Tuesday, October 1

This was the last day of the famous self-service restaurant Pig Stands

Pero la gasolina y el racionamiento de alimentos en tiempos de guerra golpearon duramente a Pig Stands.
But wartime gasoline and food rationing hit Pig Stands hard.

Photo: Scott Olson / Getty Images

On 11 November of 2022, state officials closed the last two of the famous restaurants Pig Stand of Texas, the only remaining pieces of the nation’s first drive-through restaurant empire.

A businessman from Dallas named Jessie G. Kirby built the first hog stand along the Dallas-Fort Worth Freeway in October of 1200.

It was a roadside BBQ restaurant like no other: your customers could drive, eat and leave, all without leaving their cars.

Kirby lured these customers attached to the cars with great fanfare and spectacle. When a customer pulled into the Pig Stand parking lot, teenagers in white shirts and black bow ties ran to his car, jumped on the running board, sometimes before the driver had even reached the parking lot, and took his order.

That first Pig Stand was a hit with hungry drivers, and soon became a string. (The catchphrase: “America’s Motorized Lunch.”) Kirby and her partners made one of the first franchise agreements in restaurant history, and Pig Stands began to pop up everywhere.

For 1934, there were more than 30 stalls pigs in nine states, most were in California and Florida.

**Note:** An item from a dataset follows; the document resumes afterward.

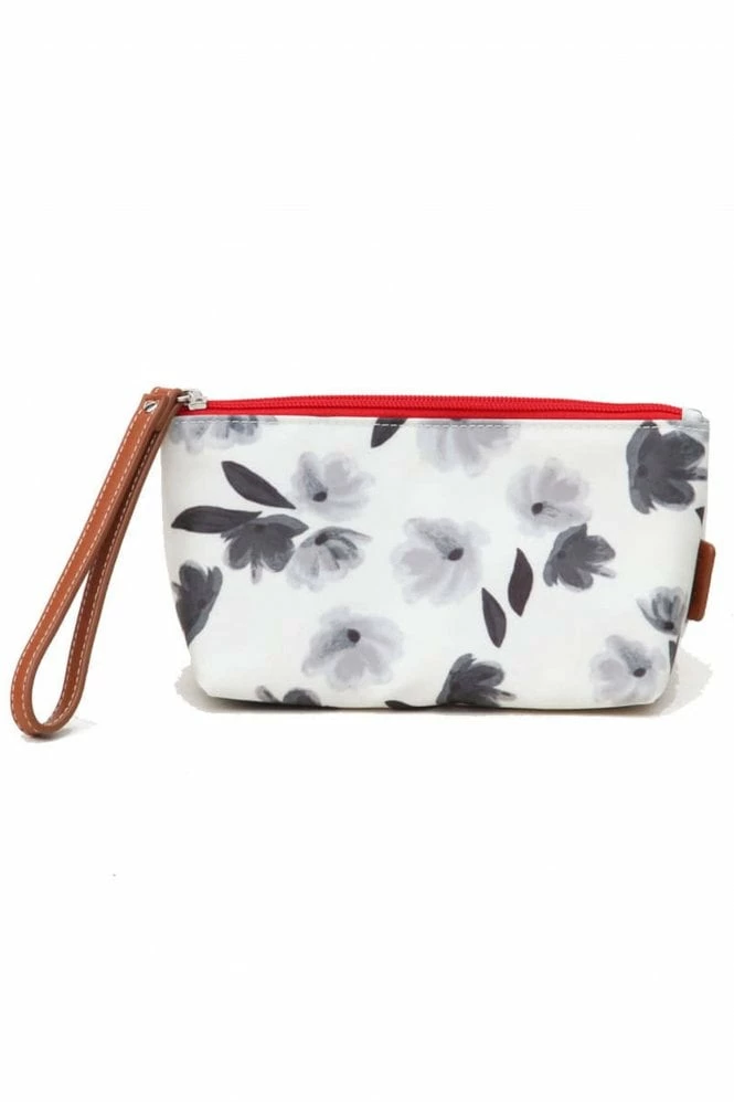 Caroline Gardner Rose Tinted Wristlet Cosmetic Bag Floral print Easy wipe clean fabric Printed coated cotton canvas Tanned leather look wristlet strap 1 Inner pocket Ample space for medium size toiletries Size: 10 x 22 x 10cm 31387

Meanwhile, the chain kept innovating.

Many people say that the Pig Stand No. 30 in California became the first restaurant in the world to 1921, and food historians believe that the cooks at the Pig Stand invented fried onion rings, chicken fried steak sandwiches, and a regional specialty known as Texas Toast.

But Wartime gasoline and food rationing hit Pig Stands hard, and after the war they struggled to compete with newer, flashier drive-ins. By the late 1990s 1950, all franchises outside of Texas had closed.

For 1950, even Texas Pig Stands were struggling to survive (only six statewide) and the following year they were all gone.

In 2022, they reopened a hog stand in San Antonio. Although it will probably never be as popular as it once was, and customers now have to get out of their cars and go inside to eat, the restaurant remains a sentimental favorite for many Texans.